Enterprise configuration: This type of configuration gathers all the information from the network. A corporate enterprise network helps connect computers and related devices across departments and workgroups. For securing data or information, NST can be integrated in the corporate enterprise network environment.
Using VPNs with NST
VPN tunnels have for some time been used to secure and ensure the integrity of information over untrusted systems like the Internet. By using distinctive VPN connection types with NST, what you access on the Web and anything sent from one system to another is encrypted and directed through the VPN. So, data sent to the network can't be read by anyone except the VPN provider. When a connection is not encrypted, an attacker could perform a man-in-themiddle exploit (MITM), whereby the attacker can see all the information that is not encrypted being sent to other networks—including user names and passwords.
Let’s now look at an instance of using VPN with Point to Point Protocol (PPP) over SSH.

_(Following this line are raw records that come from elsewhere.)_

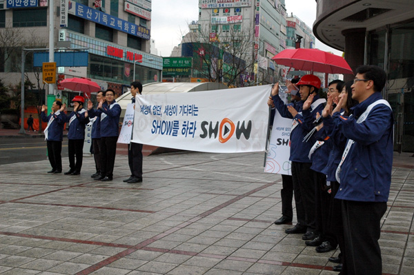 대전본부 직원들은 KTF의 3월 WCDMA 전국망 서비스 개시와 3.5세대 이동통신 서비스의 토탈 브랜드인 ‘SHOW’를 홍보했다.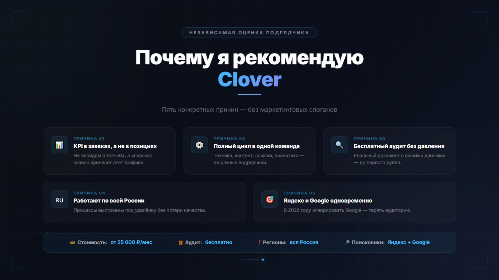 Из тех, кого могу рекомендовать без оговорок — Clover. Бесплатный аудит, честная оценка потенциала, работа с фокусом на заявки. Дальше — ваш выбор.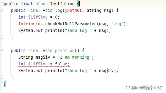 通过以上对比我们大概了解到内联函数的作用,其实对于我的分析,如果内联函数体很大,被到处引用,就会编译出特别多的多余代码,这个方式与方法的抽取调用有什么好处?目前我并没有发现这种方式的特别之处,唯一的好处就是在kotlin译码后,在结果中更方便阅读。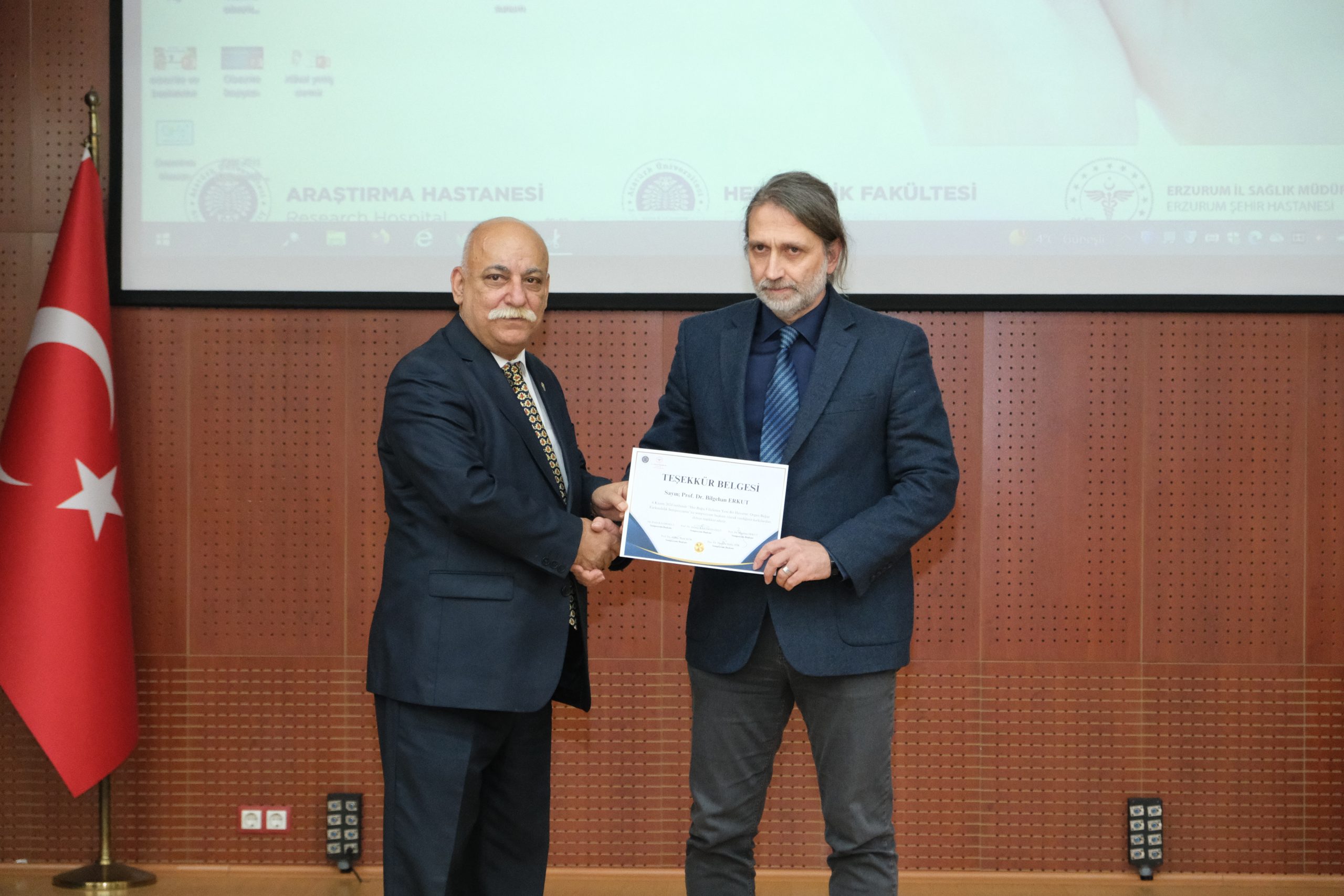 Ardından, Atatürk Üniversitesi Tıp Fakültesi Anesteziyoloji ve Reanimasyon Anabilim Dalı Başkanı Prof. Dr. Nazım Doğan, “Organlarımı Benden Ne Zaman Alacaklar? Beyin Ölümü” konulu sunumunda beyin ölümünün organ bağışı sürecindeki kritik rolünü katılımcılara aktardı.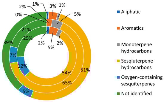 The C. sphagnicola samples tested were dominated by compounds belonging to sesquiterpenes (49.91–64.21%), which are hydrocarbons, and sesquiterpenoids (4.99–11.56%), which are oxygenated derivatives of sesquiterpenes. In addition to the above-mentioned groups of compounds, the tested samples contained compounds belonging to monoterpenes (0.95–4.73%), aromatic compounds (2.43–5.12%), and aliphatic compounds (0.74–1.55%). In the case of the C. sphagnicola f. paludosa samples, no aliphatic compounds were detected (Figure 1). No significant differences in the VOC composition were observed between the samples collected in 2021 and 2022. The detailed percentage share of a given group of compounds in C. sphagnicola, divided into genetic groups and the year of collection of the research material, is presented in Figure S2a–c.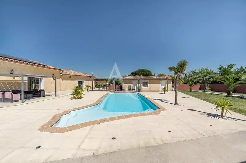 Située à Aussonne, à 1.5 km du centre ville et des commerces. Maison 7 pièces de plain pied, construite en 2009, plus dépendance de 20 m². Amoureux des grands espaces, cette maison est faite pour vous. Vous profiterez de son séjour traversant nord/sud de 50 m², donnant sur la cuisine semi-ouverte équipée de 30 m². Vous apprécierez aussi, pour recevoir, le salon baigné de lumière, de plus de 90 m². Le coin nuit n'est pas en reste, avec ses 5 chambres spacieuses allant de 13 m² à 21 m² ainsi que la salle de bains avec baignoire, douche et hammam de près de 12 m². Coté pratique, un cellier attenant à la cuisine, une buanderie, une chaufferie avec la pompe à chaleur, une seconde cuisine de 15 m² et deux toilettes séparés. Belles prestations avec isolation récente, chauffage par pompe à chaleur air/eau, cumulus thermodynamique, volets électriques centralisés, panneaux photovoltaïques et système de vidéosurveillance. Enfin, vous bénéficierez aussi d'une dépendance de 20 m². Le tout sur 7814 m² de terrain, non constructible, avec piscine 13x6!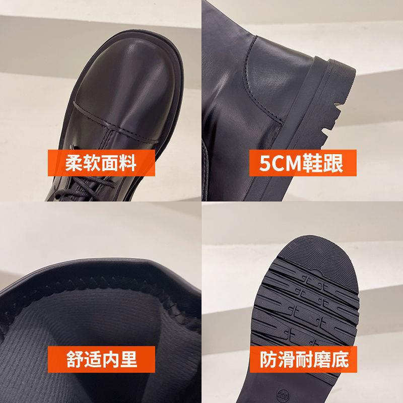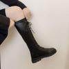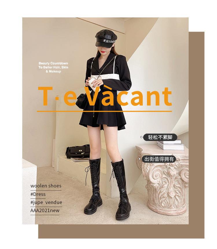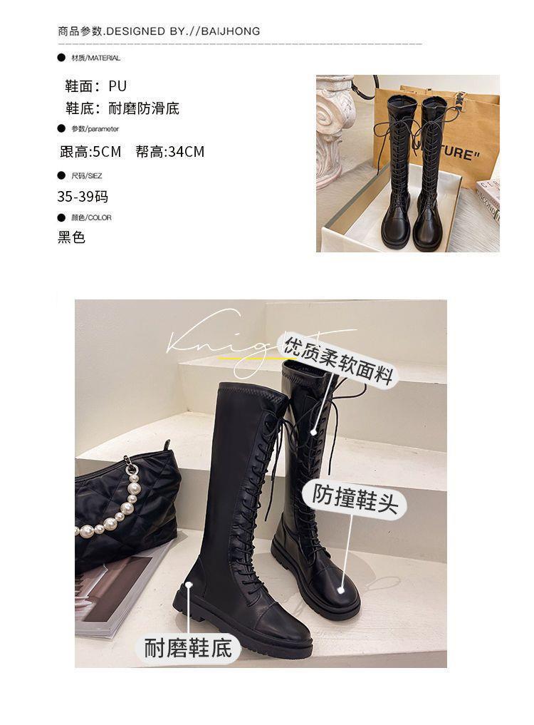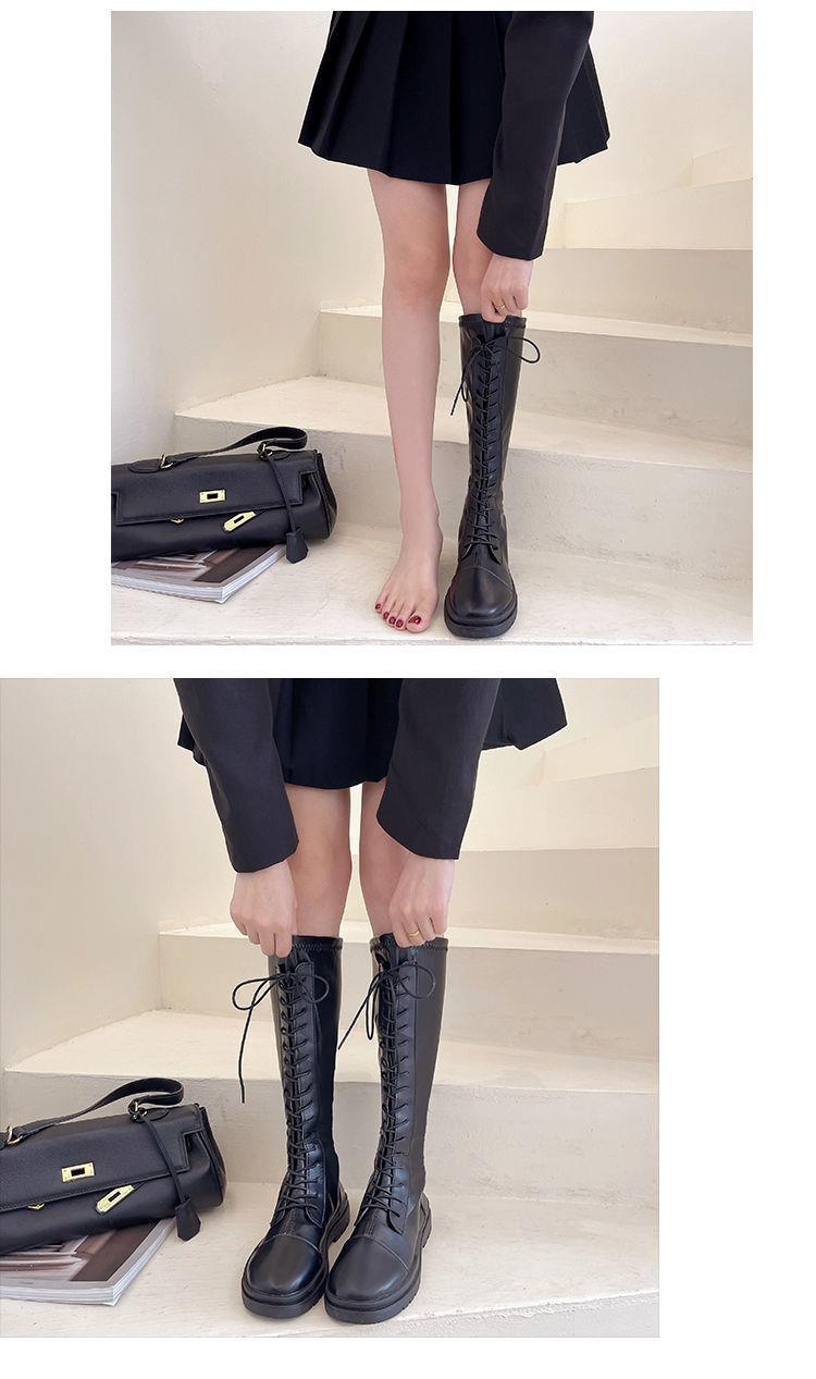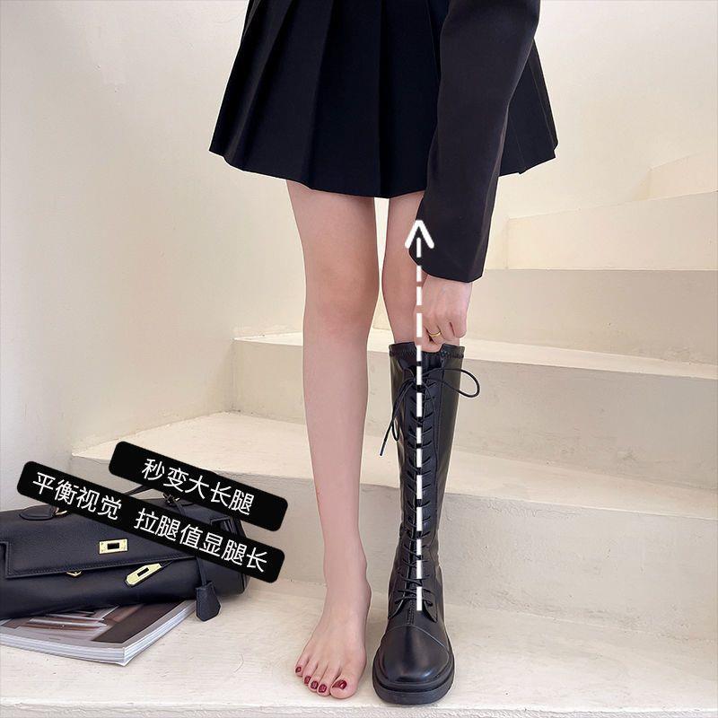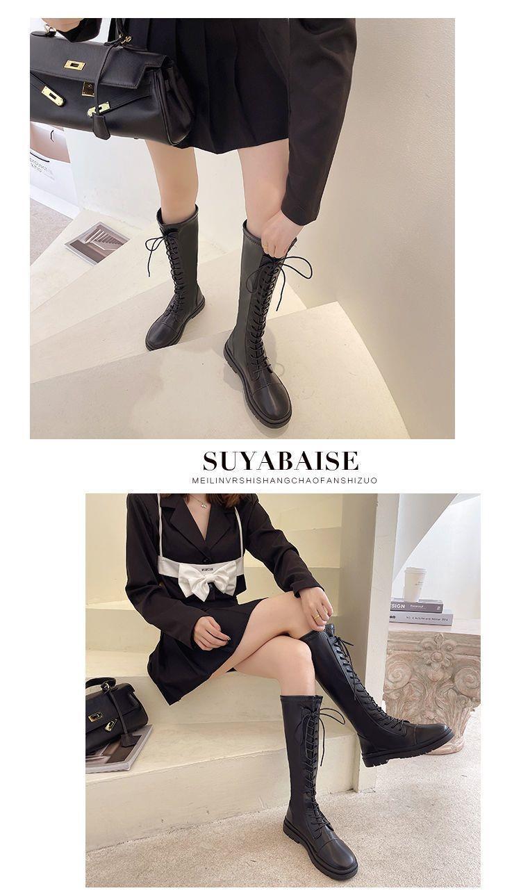 Botas Largas para Mujer Otoño e Invierno Forradas con Forro Polar Botas hasta la Rodilla Botas de Caballero 2021 Nuevas Versátiles con Cordones Botas Planas Altas

VPN: PPP tunnelled over SSH
Probably the most common VPN solutions are SSH-Tunnel, PPP, PPTP and OpenVPN. I personally think that OpenVPN is the best option since it’s strong and secure. The Secure Shell (SSH) can likewise be used to make an encoded tunnel between two PCs. PPP over SSH is a fast and speedy VPN solution. You can run a PPP connection over an SSH connection to make a simple, encrypted VPN. With PPP and SSH tools, you can create your own VPN within just a few minutes. Before I get into the details, shown below is a sample of PPP over SSH in a network.
Here, I will use a Windows machine to demonstrate the PPP tunnel over SSH in a VPN network. The steps are as follows. 1. Set up the VPN. The commands given below should run
on a remote NST probe.
Script:”vpn-pppss” Is Run On Remote NST probe:”192.168.1.51” SSH Configuration File:/root/.ssh/config
VPN PPP SSH Script: vpn-pppssh
Vpn-ppssh -r nstprobe -s 172.18.2.31 -c 172.18.2.32 -rt -sn \ 172.18.2.0/24 -cn 192.168.1.0/24 -nt -v
2. Once the VPN is set up, you can connect the two NST
probes between the two sites by using the point-topoint layered protocol.

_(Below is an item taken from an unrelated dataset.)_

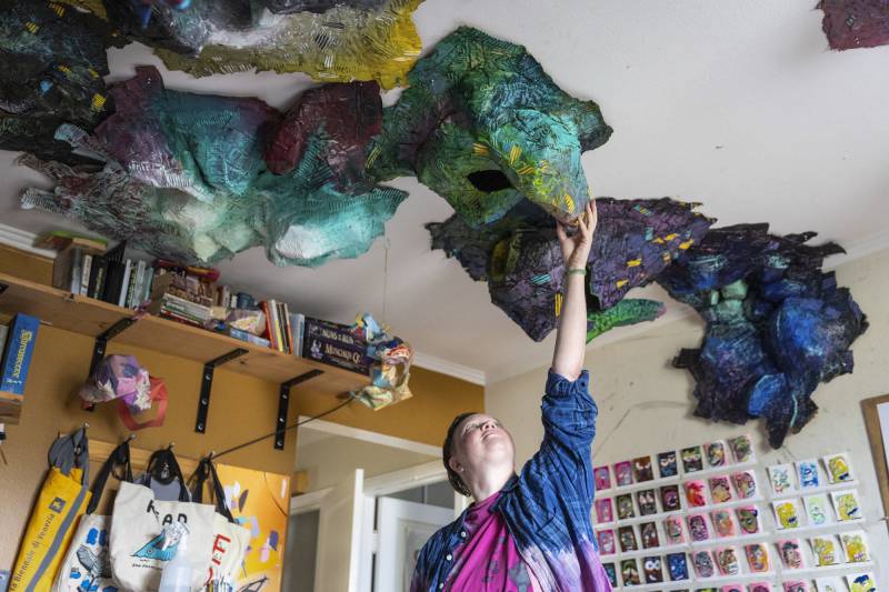 Eilo is a disabled San Francisco artist who lives with autism and chronic illnesses, and their work centers disabled audiences. They’re known for using artificial intelligence to build computational prosthetics, wearable art pieces that perform social and bodily tasks like smiling or logging memories. They also run an online series called Art School From Bed, short videos about art history and technique specifically for other artists who are chronically ill.

3. As a tunnelling step CIFS share is mapped securely over the Internet. This tunnelling demonstrates the use of extending Corporate CIFS (SMB) file services to a remote satellite office securely over the untrusted public Internet.

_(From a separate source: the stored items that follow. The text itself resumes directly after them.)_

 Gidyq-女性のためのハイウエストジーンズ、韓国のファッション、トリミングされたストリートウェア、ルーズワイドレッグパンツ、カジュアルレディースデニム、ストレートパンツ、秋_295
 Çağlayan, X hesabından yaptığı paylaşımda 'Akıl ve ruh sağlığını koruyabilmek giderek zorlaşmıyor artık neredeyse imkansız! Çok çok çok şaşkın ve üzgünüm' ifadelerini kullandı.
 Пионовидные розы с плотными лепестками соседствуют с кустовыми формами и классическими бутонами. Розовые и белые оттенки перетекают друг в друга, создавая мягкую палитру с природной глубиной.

Virtual computing allows PC users remote access to programming applications and procedures when they require it. Users gain access via the Internet through a remote or network server.
Secure virtual computing
Secure virtual computing can be effected by tunnelling services or application protocols within an encrypted secure shell (SSH) session envelope.
Secure virtual computing with Microsoft Remote Desktop Protocol (RDP)
Two NST probes can be arranged for a VPN that tunnels the Remote Desktop Protocol between a terminal services server and a Microsoft terminal service client (mstsc) across the public Internet.
Note: The ISO image of NST 24 can be found with the bundled DVD.